We all make mistakes. Sometimes we make very expensive mistakes…like going to college.

You all know I am a firm supporter of everyone achieving a quality higher education (and I do mean everybody) but higher education does not mean college for everyone. I do not believe everyone should go to college. That why we have trade school and of recently online learning platforms.  It’s not a one size fits all scenario. Sometimes going to college is a big (expensive) mistake. 

However, maybe (just maybe) it’s not the decision to go to college that was the mistake but rather the college you chose to attend in the first place. Maybe you made your decision haphazardly and you weren’t ready to make such a big decision at that time in your life.

If things are not working out and you’re pretty sure it’s not you, here’s how to get out that situation.

 

#1 It’s time to transfer when the school can’t support your success

If your university literally does not have the staff or programming necessary to ensure your success, then it’s time to find a new home. This means limited academic programs or student support services like tutoring, programming, and mental health.

Going to college is so much more than just showing up in class. Inside the classroom is not the only place learning takes place. You should have access to services like tutoring and mentorship that will help you be successful in your academic career.

You should have easy access to your academic and career advisor who can help you pave a path toward graduation and prepare for your life post-graduation as well. Faculty and staff need to have a vested interest in your wellbeing.

When you are consistently running into walls that prevent you from getting access to resources that should be available to help you be successful (like a helpful academic advisor), it’s time to jump ship and transfer to another school.

 

#2 It’s time to transfer when the price tag for your degree isn’t worth it to you

Sometimes the college we decide to attend just does not make sense financially. The school may be absolutely amazing, but it’s important to keep things in perspective.

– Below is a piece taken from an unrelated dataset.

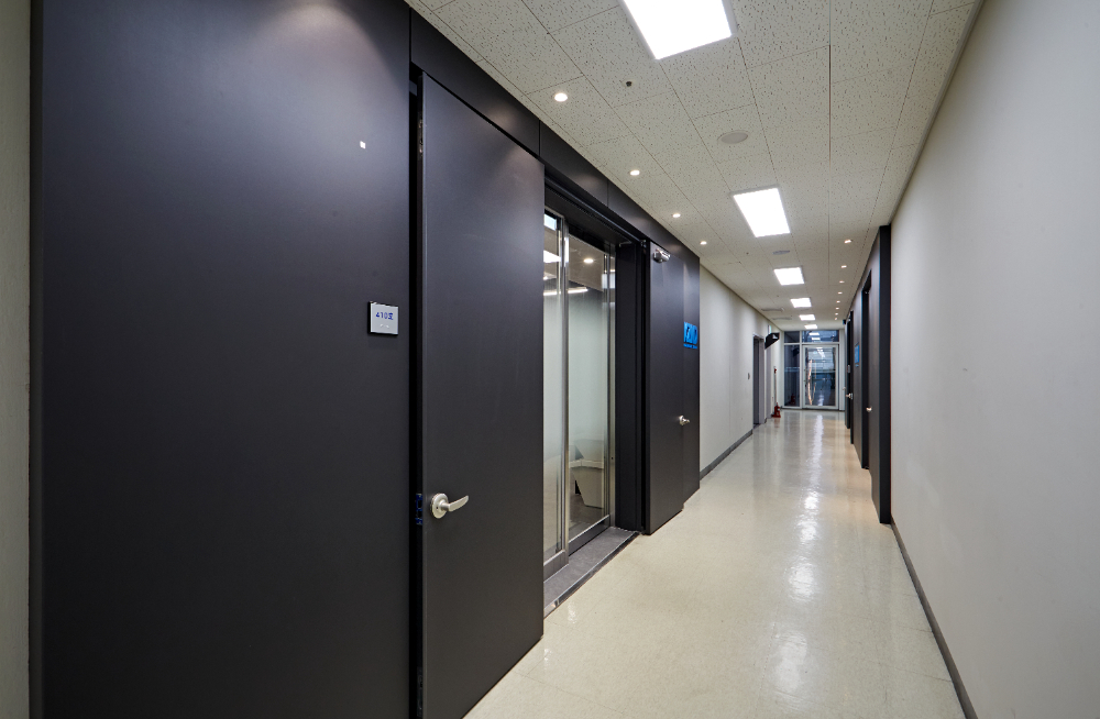 내부에 위치한 사무공간은 노출 천장이 아니기에 다운라이트 조명으로 설치하였는데요. 다운라이트는 아래로 빛을 발사하기에 사무업무를 보는데에는 더욱 적합하기도 합니다.

You can be going to an amazing school with amazing resources but the price tag is astronomical (even after busting your tail to earn some scholarships). Whereas, there’s this other school around the corner that has comparable standards and resources but is a fraction of the price.

There is no shame in admitting you made a mistake and transferring to another school to save some money. Don’t let your degree bankrupt you. (Here’s a quick guide on how to choose the right college.)

 

#3 It’s time to transfer when post-graduation placement and career aspects of your specific school have been continuously dismal

Most schools publish post-graduation career aspects and trajectories of their students. If you attend a school that does not publish this information, consider that a red flag. You want to pay attention to those placements.

Career prospects should be a factor in whether or not you choose to stay at your current institution. Don’t be quick to jump the gun though. If the numbers you’re looking at look dismal, ask yourself why or better yet- ask the school. Ask the career center or the agency that made the report.

Did those students not do well in college? Did they slack off in the job search? Did they go straight to grad school?

Of course, since you are proactive this won’t be you. Another thing you can do is ask other proactive students who have graduated or are close to graduating if they believe they were prepared for the job market post-graduation. This information can also inform your decision of whether or not to stay.

 

#4 It’s time to transfer when you are seriously concerned for your physical wellbeing

If you do not believe the school does enough to ensure your safety on campus, that is a good justification to leave. It is never worth putting your wellbeing in harm’s way.

My intention is not to scare you but it’s important to be aware of the dangers on campus. If you believe that danger against students has been increasing and the school has not done enough to keep up, it’s okay to leave.

Obviously, this goes beyond a one-off incident. College campuses are required to keep a record of violence on campus. Look at the data and talk to campus security to help inform your decision. (If there is no campus security, that is also a red flag).

 

My hope is that if you do choose to go to college, you make the best decision for yourself the first time around. Not only is it more efficient, making a mistake like that can cost you a lot of money.

If you are not entirely sure about college, that’s okay. Take a gap year. Tour more schools. Talk to more students. Do what you have to do to make sure you’re making the best decision for yourself.